SHANGHAI, Sept 8 (Reuters) - China major stock indexes fell in volatile in early trading on Tuesday, after Beijing introduced fresh measures - including tax cuts and a proposed “circuit breaker” system - to discourage speculation and stem further slides in share prices.
The CSI300 index fell 0.7 percent to 3,226.53 points at 1:59 GMT, while the Shanghai Composite Index lost 0.7 percent to 3,060.16 points - both indexes were shunted in and out of the black in a reflection of the fragile sentiment.
Late on Monday, China said it would remove personal income tax on dividends for shareholders who hold stocks for more than a year, in a move aimed at encouraging longer-term investment in equities as opposed to short-term speculation.
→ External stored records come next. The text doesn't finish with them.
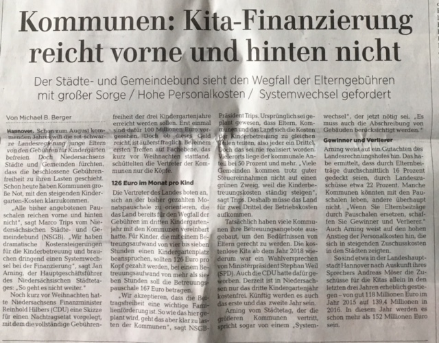 Hier ist der Text aus der HAZ von Heute. Der Journalist Michael B. Berger beschreibt die Position der Kommunen absolut treffend. Seit Jahren sagen wir als Bürgerforum, dass wir als Kommune „Druck von unten“ machen müssen, sonst bewegt sich in dieser Beziehung nix. Die erste Ebene ist der Landkreis, der ja eigentlich vom Gesetzgeber her zuständig ist und die steigenden Kosten seit 1986 nicht kostendeckend übernommen hat.
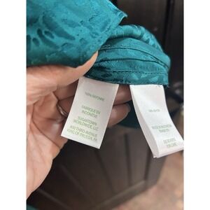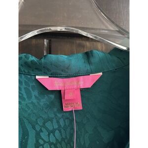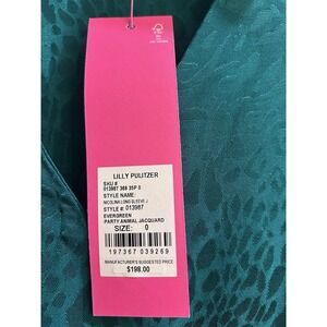 The Lilly Pulitzer Nicolina dress is a stylish option for women featuring a unique Evergreen Party Animal Jacquard fabric. This knee-length dress has long balloon sleeves with a tie closure, making it perfect for summer, fall, and spring seasons. The dress is adorned with adding a playful touch to its design. It is brand new with tags, offering a chic and vibrant look for various occasions.
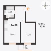44 м²
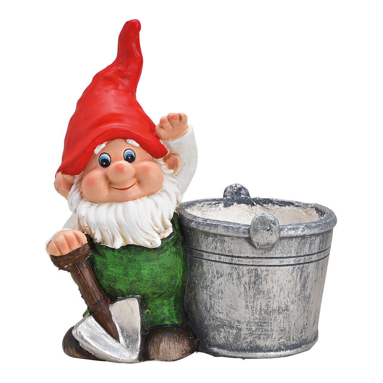 Nain de jardin avec pot de fleurs en magnésie multicolore (L/H/P) 31x33x19cm
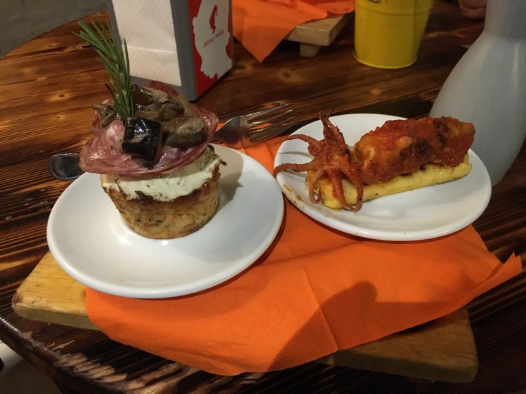 There is plenty of nice food in Italy. For Venice, I would like to introduce cicchetti. They are typical Venetian food tapas, like small snacks or side dishes served in cicchetti bars. As described on Wikipedia, common cicchetti include tiny sandwiches, plates of olives or other vegetables, halved hard boiled eggs, small servings of a combination of one or more of seafood, meat and vegetable ingredients laid on top of a slice of bread or polenta. Good cicchetti bars have their own specialties. Cicchetti bar crawling to try out the cicchetti at different places was a lot of fun.
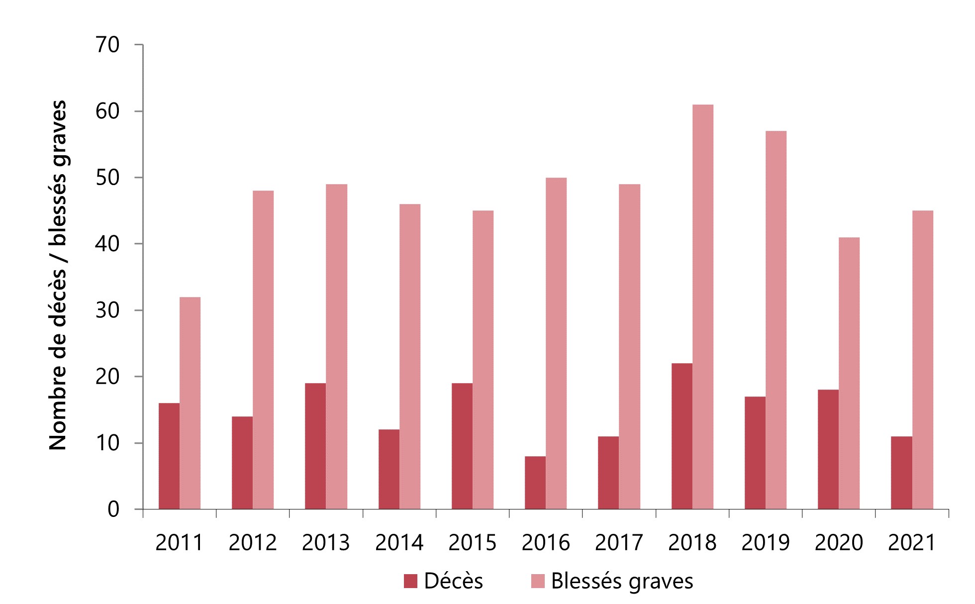| Personnes mortellement blessées dans des accidents à bord d'un navire | 13 | 9 | 8 | 8 | 6 | 1 | 7 | 8 | 12 | 6 | 2 |
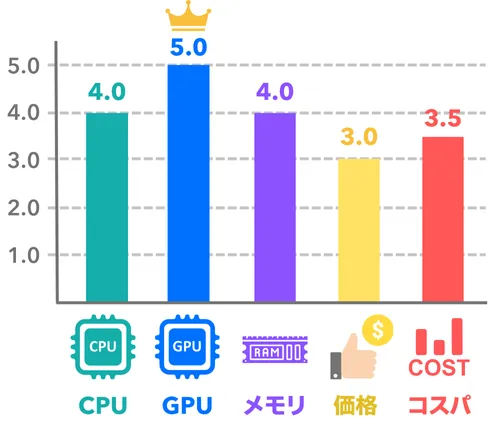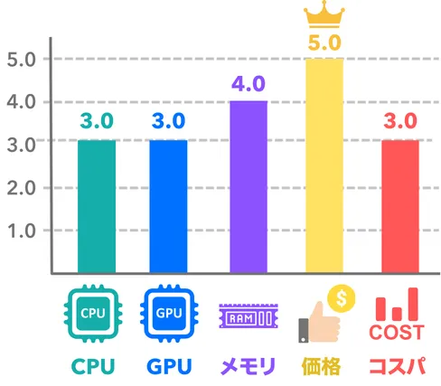 CPU・GPUの性能で見ると文句無しにコスパも高いのですが、メモリが16GBなことと、NIKKEを遊ぶだけならオーバースペック気味なことからコスパ評価は☆3.5としました。
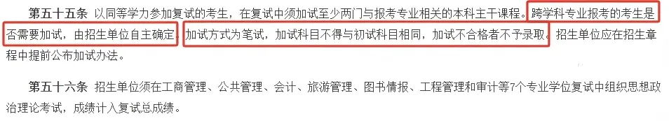 《26年新规》中指出,对于跨学科专业报考的考生,招生单位可进行笔试加试,加试科目不得与初试科目相同,加试不合格者不予录取。
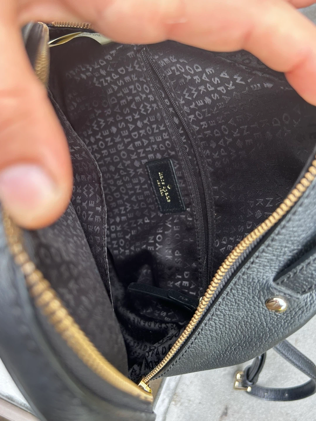 Selling a cute Kate Spade backpack in black leather. It's in great condition and perfect for everyday use. The interior lining also features the Kate Spade logo pattern
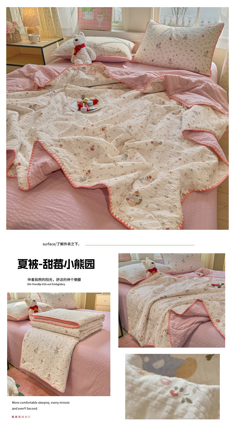 (总)慕澄家纺 2026新款泡芙棉贝壳边印花夏被四件套,夏被-粉边兔小乖,夏被-红马星野,夏被-焦糖海盐,夏被-栗栗南瓜派,夏被-奶橘小甜梦,夏被-奶蓝部落,夏被-奶雾玫瑰,夏被-青条熊猫梦,夏被-少女花田,夏被-甜莓小熊园,夏被-童话镇,夏被-午夜花园,夏被-星落小红帽,夏被-椰棕猫软糖
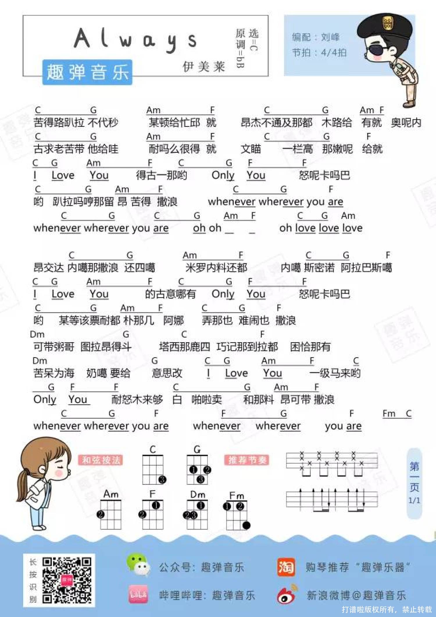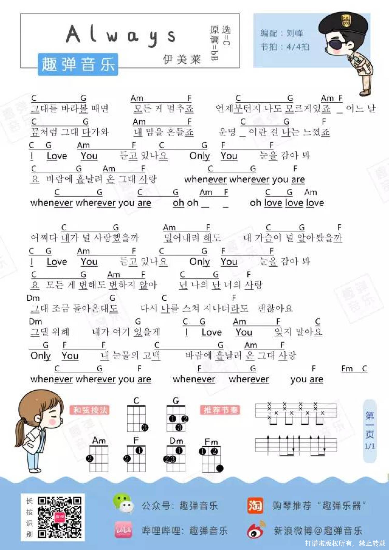 曲谱介绍: 尹美莱《always》_C调尤克里里谱

The announcement came hours after regulators proposed introducing a “circuit breaker” on China’s flagship CSI300 index to help stabilise the market.
The Shanghai Stock Exchange also restricted trading in stock options, which can be used by stock investors as a tool to place bearish bets on the market.
But some analysts said these measures would do little to reverse the downtrend of the market.
“The circuit breaker may help calm sentiment, but it doesn’t change investors’ attitude toward stocks,” said Hou Yin, analyst at AJ Securities.
He added that the tax cuts offer little incentive to stock buyers because “investors prefer to stand on the sidelines due to huge uncertainty they face.”
In addition, some analysts and traders say government restrictions on shorting activities could be counterproductive, as investors who aren’t able to adequately hedge risks in futures or options market have no choice but to unwind their positions in the cash market to reduce risks.
China CSI300 stock index futures for September were flat at 3,120, 106.53 points below the current value of the underlying index.